*SOURCE MATERIAL*:
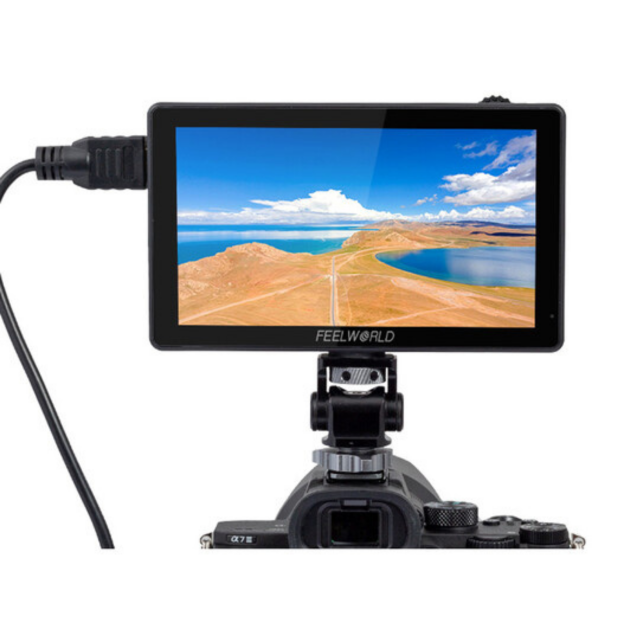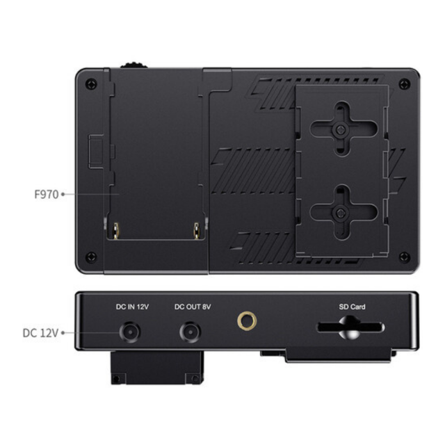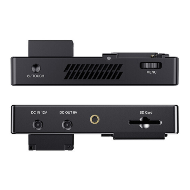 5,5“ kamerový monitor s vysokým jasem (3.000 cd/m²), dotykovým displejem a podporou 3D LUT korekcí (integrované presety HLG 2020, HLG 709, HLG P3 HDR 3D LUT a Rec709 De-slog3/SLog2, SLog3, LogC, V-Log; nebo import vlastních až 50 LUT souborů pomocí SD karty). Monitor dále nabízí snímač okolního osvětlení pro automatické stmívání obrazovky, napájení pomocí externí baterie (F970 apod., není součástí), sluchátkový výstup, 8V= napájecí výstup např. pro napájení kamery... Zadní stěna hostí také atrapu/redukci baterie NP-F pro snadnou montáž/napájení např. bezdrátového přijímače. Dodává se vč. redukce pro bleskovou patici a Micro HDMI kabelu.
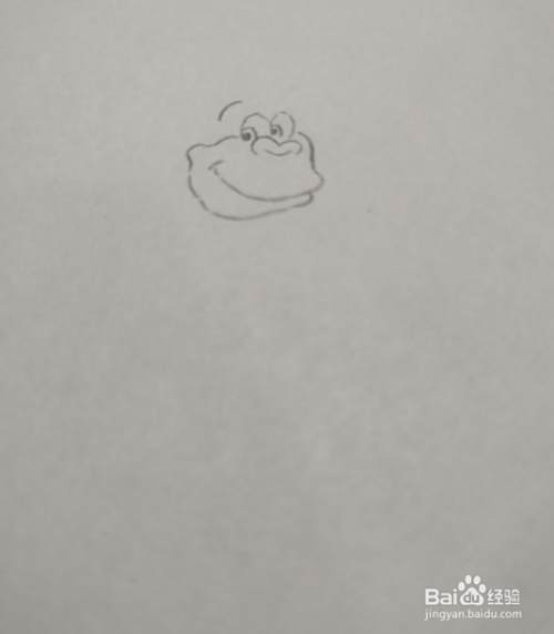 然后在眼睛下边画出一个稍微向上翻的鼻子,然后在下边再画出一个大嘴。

...

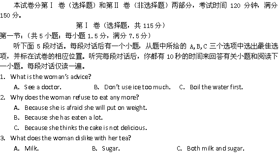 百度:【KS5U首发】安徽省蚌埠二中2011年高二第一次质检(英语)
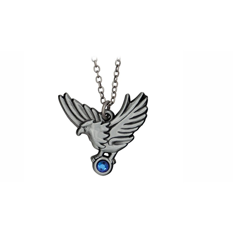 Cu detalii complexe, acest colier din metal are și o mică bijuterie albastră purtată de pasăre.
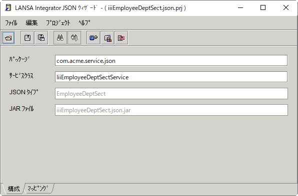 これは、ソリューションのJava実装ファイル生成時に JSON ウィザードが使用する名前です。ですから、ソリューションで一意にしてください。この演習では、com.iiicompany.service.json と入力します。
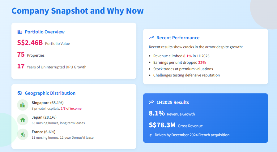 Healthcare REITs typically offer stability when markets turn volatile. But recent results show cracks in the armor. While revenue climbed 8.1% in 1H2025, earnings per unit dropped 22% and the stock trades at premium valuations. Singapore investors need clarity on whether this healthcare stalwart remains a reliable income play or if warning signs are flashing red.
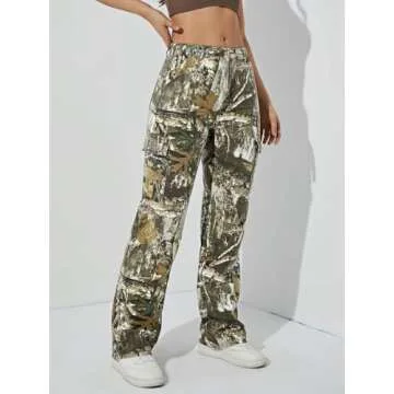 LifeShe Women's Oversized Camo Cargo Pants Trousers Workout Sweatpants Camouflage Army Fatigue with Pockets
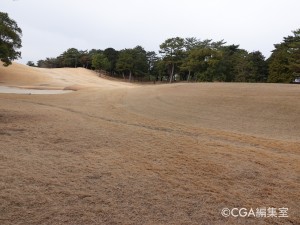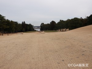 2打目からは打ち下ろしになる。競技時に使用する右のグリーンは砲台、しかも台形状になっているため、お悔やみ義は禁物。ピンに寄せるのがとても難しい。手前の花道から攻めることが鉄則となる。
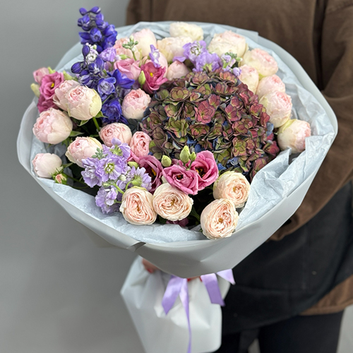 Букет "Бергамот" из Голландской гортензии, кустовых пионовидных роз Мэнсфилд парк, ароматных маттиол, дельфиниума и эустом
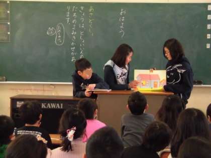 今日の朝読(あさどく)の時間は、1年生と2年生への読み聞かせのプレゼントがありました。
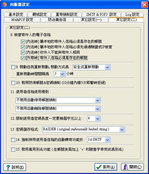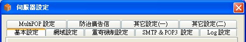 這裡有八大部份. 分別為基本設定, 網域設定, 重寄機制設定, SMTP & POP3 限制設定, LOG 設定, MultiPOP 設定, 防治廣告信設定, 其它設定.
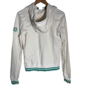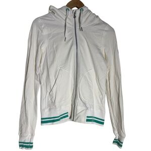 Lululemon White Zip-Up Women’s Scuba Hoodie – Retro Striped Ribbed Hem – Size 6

--

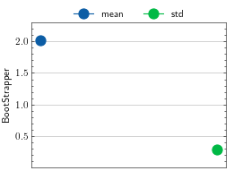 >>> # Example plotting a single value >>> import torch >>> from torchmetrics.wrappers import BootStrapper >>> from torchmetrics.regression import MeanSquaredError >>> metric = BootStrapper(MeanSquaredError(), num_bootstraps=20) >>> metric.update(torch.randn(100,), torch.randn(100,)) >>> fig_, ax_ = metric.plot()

*EXERCISE REQUIREMENTS*: Above are some entries; copy exactly the lines from the line with "Healthcare REITs typically" through the line with "Lululemon White Zip-Up", both included, but none of the pictures.

*RESPONSE*:
 Healthcare REITs typically offer stability when markets turn volatile. But recent results show cracks in the armor. While revenue climbed 8.1% in 1H2025, earnings per unit dropped 22% and the stock trades at premium valuations. Singapore investors need clarity on whether this healthcare stalwart remains a reliable income play or if warning signs are flashing red.
 LifeShe Women's Oversized Camo Cargo Pants Trousers Workout Sweatpants Camouflage Army Fatigue with Pockets
 2打目からは打ち下ろしになる。競技時に使用する右のグリーンは砲台、しかも台形状になっているため、お悔やみ義は禁物。ピンに寄せるのがとても難しい。手前の花道から攻めることが鉄則となる。
 Букет "Бергамот" из Голландской гортензии, кустовых пионовидных роз Мэнсфилд парк, ароматных маттиол, дельфиниума и эустом
 今日の朝読(あさどく)の時間は、1年生と2年生への読み聞かせのプレゼントがありました。
 這裡有八大部份. 分別為基本設定, 網域設定, 重寄機制設定, SMTP & POP3 限制設定, LOG 設定, MultiPOP 設定, 防治廣告信設定, 其它設定.
 Lululemon White Zip-Up Women’s Scuba Hoodie – Retro Striped Ribbed Hem – Size 6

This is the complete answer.